> Exercise instructions
In this exercise, the entries below include pictures. Repeat exactly the lines from the line with "以沙发作为分割介质,将原本的" to the line with "那天发现我的拖鞋已经磨损,也", including both, but without the pictures.

> Extracted data

┌────────

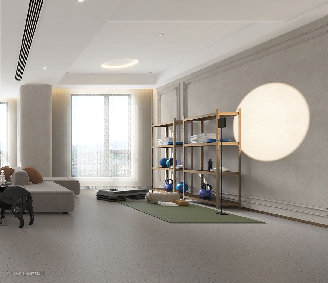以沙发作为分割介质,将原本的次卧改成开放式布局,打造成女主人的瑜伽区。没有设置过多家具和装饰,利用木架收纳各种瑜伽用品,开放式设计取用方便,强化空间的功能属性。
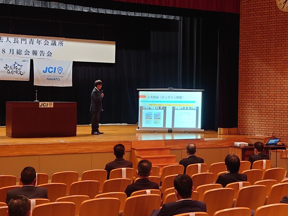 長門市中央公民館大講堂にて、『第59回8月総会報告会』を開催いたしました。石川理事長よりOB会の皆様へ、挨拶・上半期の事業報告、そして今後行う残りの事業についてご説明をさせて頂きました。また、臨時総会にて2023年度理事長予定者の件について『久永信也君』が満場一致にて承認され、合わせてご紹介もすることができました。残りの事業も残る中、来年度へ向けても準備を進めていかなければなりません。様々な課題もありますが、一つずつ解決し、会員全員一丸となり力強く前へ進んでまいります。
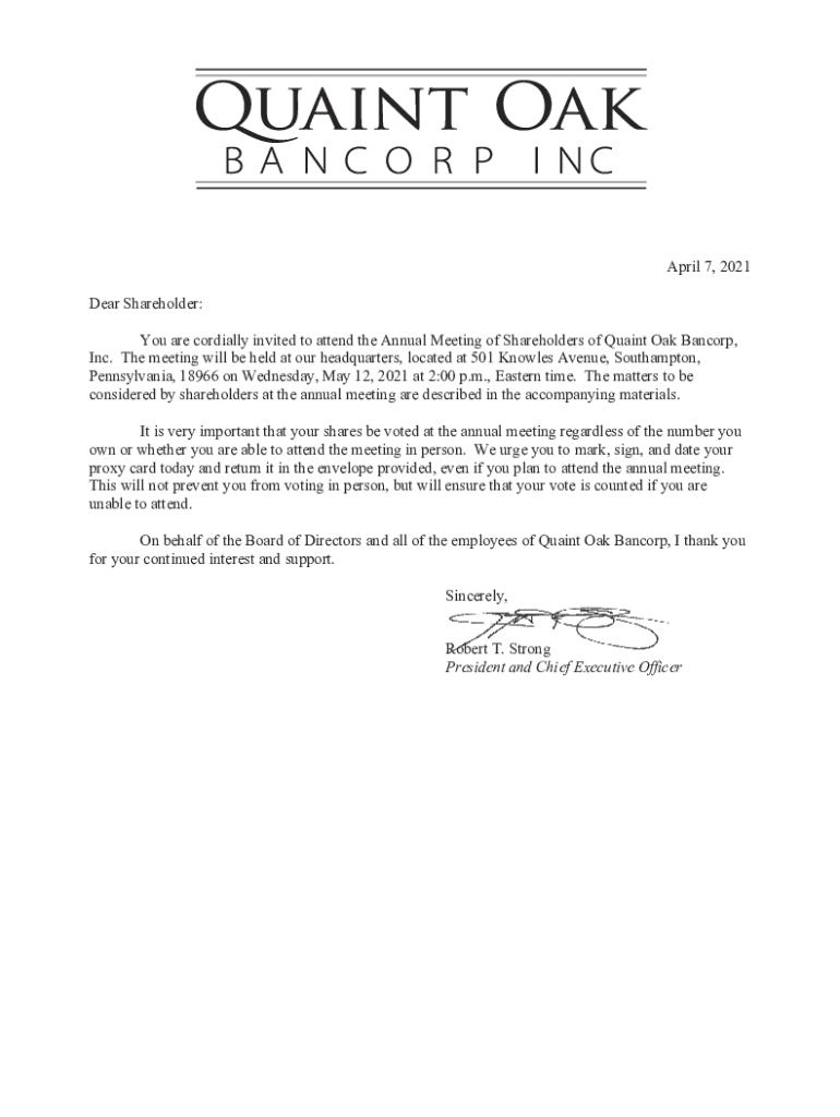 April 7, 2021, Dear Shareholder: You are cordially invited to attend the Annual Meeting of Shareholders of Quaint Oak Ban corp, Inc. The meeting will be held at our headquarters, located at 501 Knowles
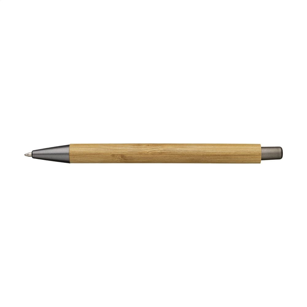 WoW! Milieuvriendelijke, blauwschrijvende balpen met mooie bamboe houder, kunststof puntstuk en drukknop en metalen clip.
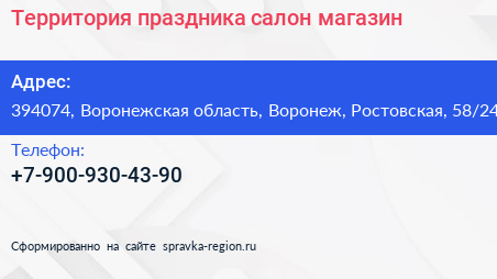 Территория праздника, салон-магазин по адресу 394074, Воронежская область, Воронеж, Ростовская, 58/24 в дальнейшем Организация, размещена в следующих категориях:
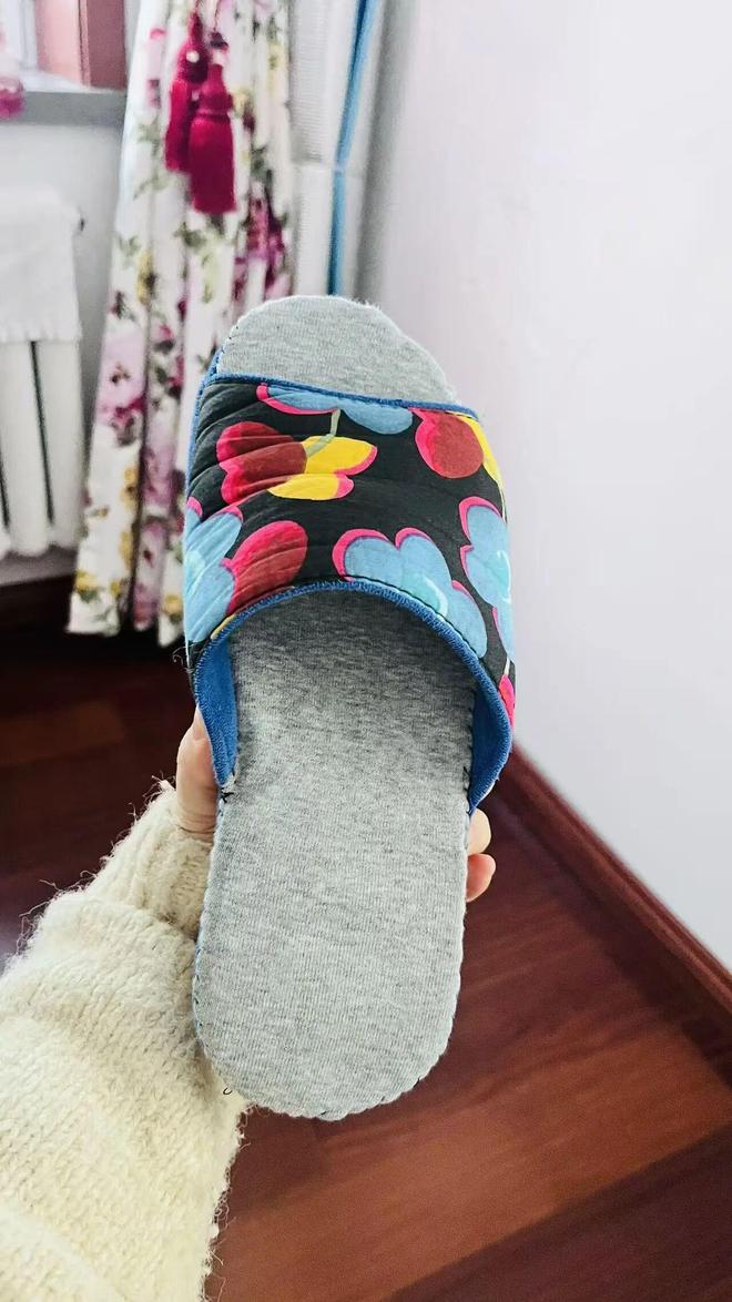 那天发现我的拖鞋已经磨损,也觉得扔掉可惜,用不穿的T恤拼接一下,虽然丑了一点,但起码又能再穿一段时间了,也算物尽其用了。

└────────
┌────────

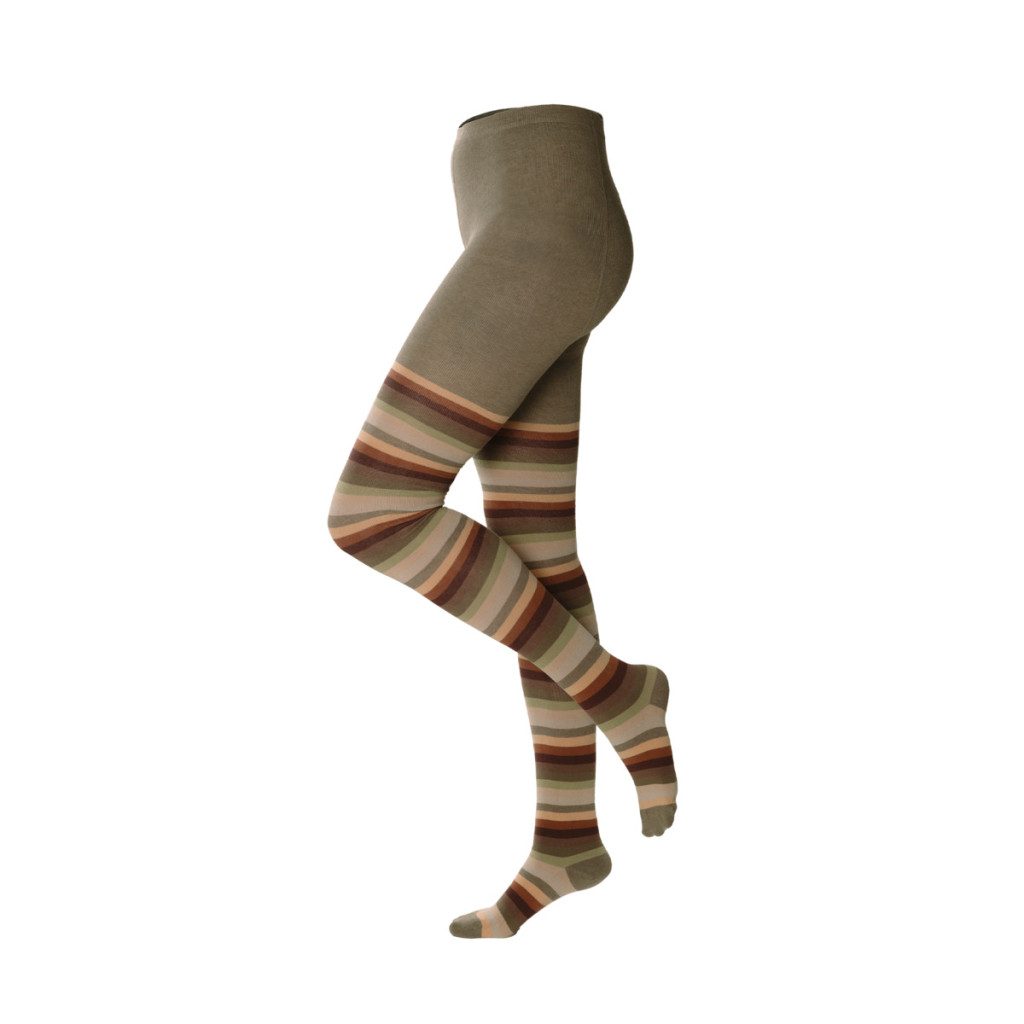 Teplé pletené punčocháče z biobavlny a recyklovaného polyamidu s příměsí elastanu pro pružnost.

└────────
┌────────

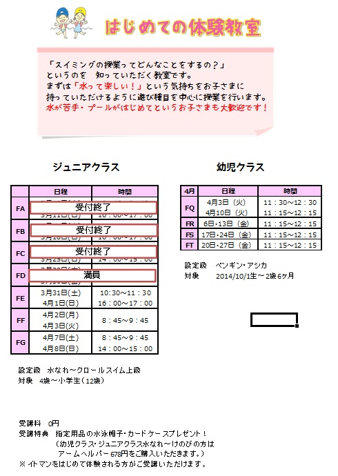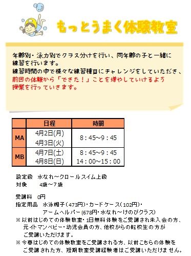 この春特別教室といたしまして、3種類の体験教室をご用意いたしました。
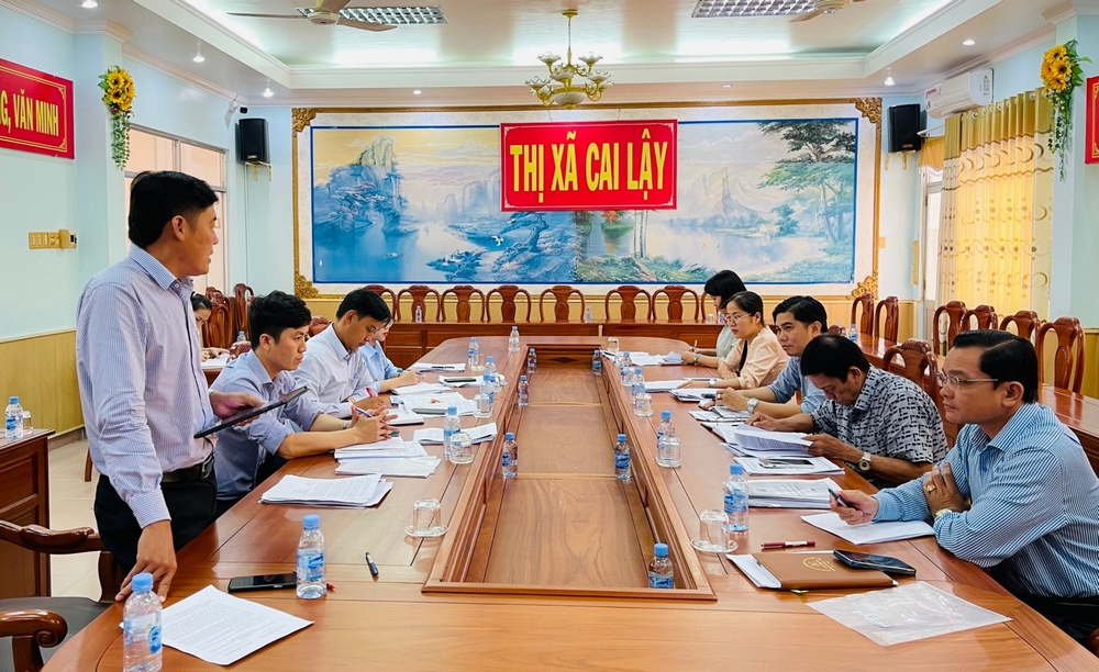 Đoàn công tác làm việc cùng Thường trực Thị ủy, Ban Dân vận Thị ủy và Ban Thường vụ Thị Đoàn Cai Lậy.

└────────

> Response area
以沙发作为分割介质,将原本的次卧改成开放式布局,打造成女主人的瑜伽区。没有设置过多家具和装饰,利用木架收纳各种瑜伽用品,开放式设计取用方便,强化空间的功能属性。
 長門市中央公民館大講堂にて、『第59回8月総会報告会』を開催いたしました。石川理事長よりOB会の皆様へ、挨拶・上半期の事業報告、そして今後行う残りの事業についてご説明をさせて頂きました。また、臨時総会にて2023年度理事長予定者の件について『久永信也君』が満場一致にて承認され、合わせてご紹介もすることができました。残りの事業も残る中、来年度へ向けても準備を進めていかなければなりません。様々な課題もありますが、一つずつ解決し、会員全員一丸となり力強く前へ進んでまいります。
 April 7, 2021, Dear Shareholder: You are cordially invited to attend the Annual Meeting of Shareholders of Quaint Oak Ban corp, Inc. The meeting will be held at our headquarters, located at 501 Knowles
 WoW! Milieuvriendelijke, blauwschrijvende balpen met mooie bamboe houder, kunststof puntstuk en drukknop en metalen clip.
 Территория праздника, салон-магазин по адресу 394074, Воронежская область, Воронеж, Ростовская, 58/24 в дальнейшем Организация, размещена в следующих категориях:
 那天发现我的拖鞋已经磨损,也觉得扔掉可惜,用不穿的T恤拼接一下,虽然丑了一点,但起码又能再穿一段时间了,也算物尽其用了。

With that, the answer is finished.